Directions: Every line of the material needs an exact copy, apart from the images.

Data extract:

● ● ● ●

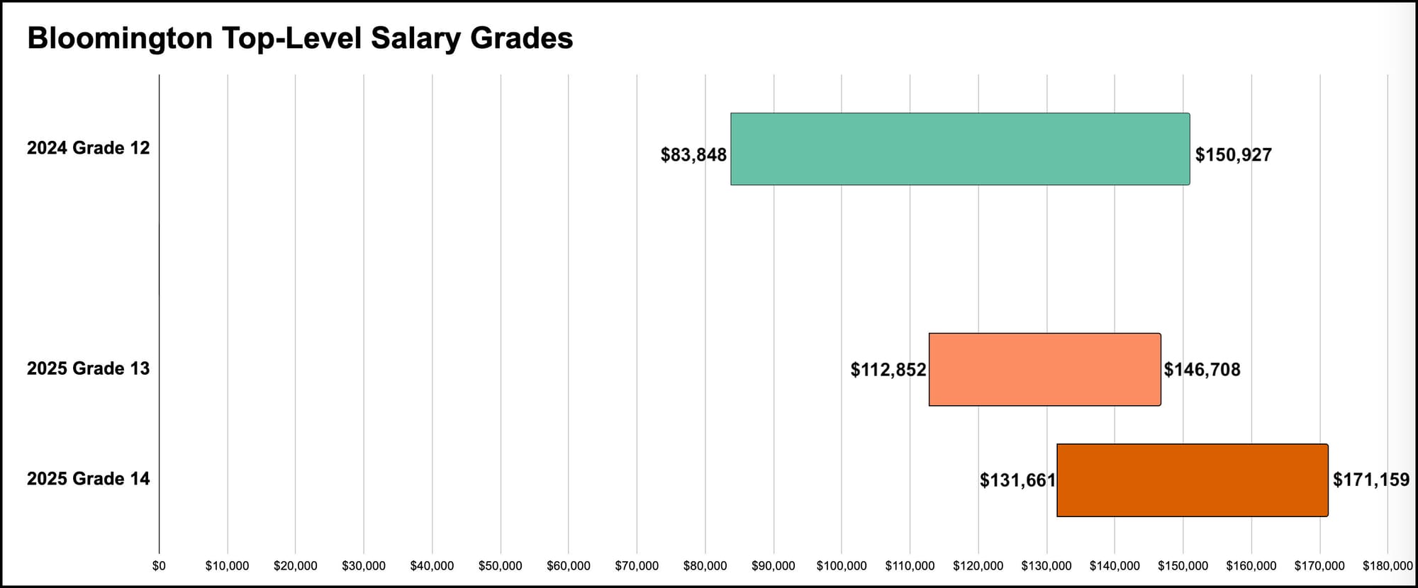 The reference point for the recommended salaries for elected officials is the city’s new 14-point salary grade system. Building on a study done by Crowe LLP, which was commissioned by former mayor John Hamilton, overhauling the city’s compensation system was one of the bigger projects in the first year of Bloomington mayor Kerry Thomson’s term.
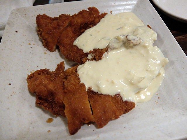 「地鶏は味が濃くて柔らかい」という勘違いしてる人も多いけど、地鶏ってブロイラーなんかと違ってめちゃめちゃ運動してるので肉が堅〜いんですよ。ここは大阪に本社があるチェーン店ですが薩摩郷土料理の店のようです。薩摩郷土料理の「もも焼き」は堅いですが、噛んでるうちにどんどん味が出てきます。旨味はブロイラーとは比べ物にならない感じ。チキン南蛮も味濃い。そして最近はスーパーでも見かけるようになった「せせり(首肉)」も地鶏だと旨味が違う。種類こそ少ないが薩摩や大分の焼酎も揃っていて、しかも安い。がっつり呑んでひとり3,000円ちょい。かなり満足。また、隣町からバスに乗って呑みに来ますね。
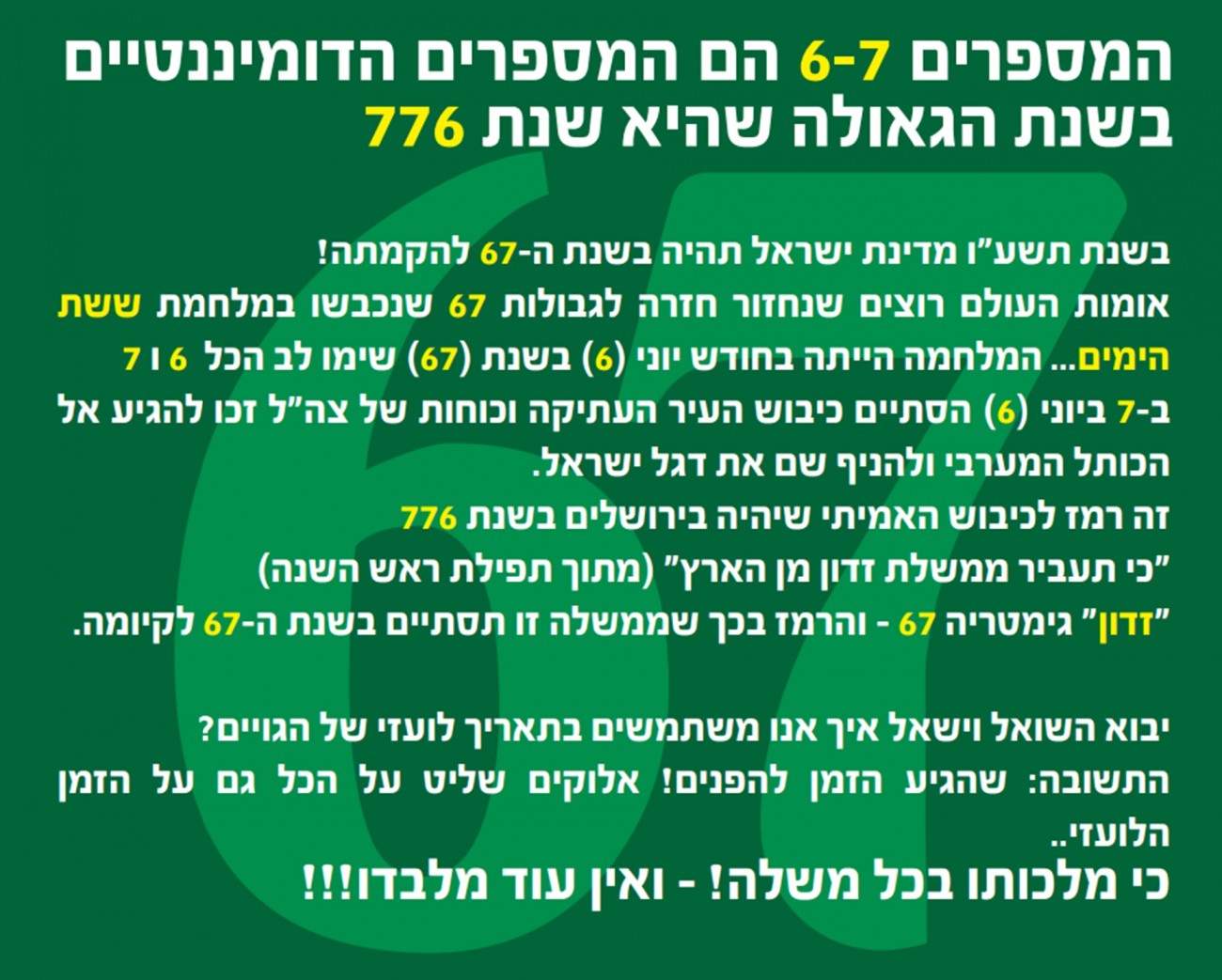 עוד שני רמזים במספר 6.7 רמז שמראה שיש רק יד אחת פעילה ביקום וזה רק יד ה' לרמזים קודמים 67

● ● ● ●

Output:
 The reference point for the recommended salaries for elected officials is the city’s new 14-point salary grade system. Building on a study done by Crowe LLP, which was commissioned by former mayor John Hamilton, overhauling the city’s compensation system was one of the bigger projects in the first year of Bloomington mayor Kerry Thomson’s term.
 「地鶏は味が濃くて柔らかい」という勘違いしてる人も多いけど、地鶏ってブロイラーなんかと違ってめちゃめちゃ運動してるので肉が堅〜いんですよ。ここは大阪に本社があるチェーン店ですが薩摩郷土料理の店のようです。薩摩郷土料理の「もも焼き」は堅いですが、噛んでるうちにどんどん味が出てきます。旨味はブロイラーとは比べ物にならない感じ。チキン南蛮も味濃い。そして最近はスーパーでも見かけるようになった「せせり(首肉)」も地鶏だと旨味が違う。種類こそ少ないが薩摩や大分の焼酎も揃っていて、しかも安い。がっつり呑んでひとり3,000円ちょい。かなり満足。また、隣町からバスに乗って呑みに来ますね。
 עוד שני רמזים במספר 6.7 רמז שמראה שיש רק יד אחת פעילה ביקום וזה רק יד ה' לרמזים קודמים 67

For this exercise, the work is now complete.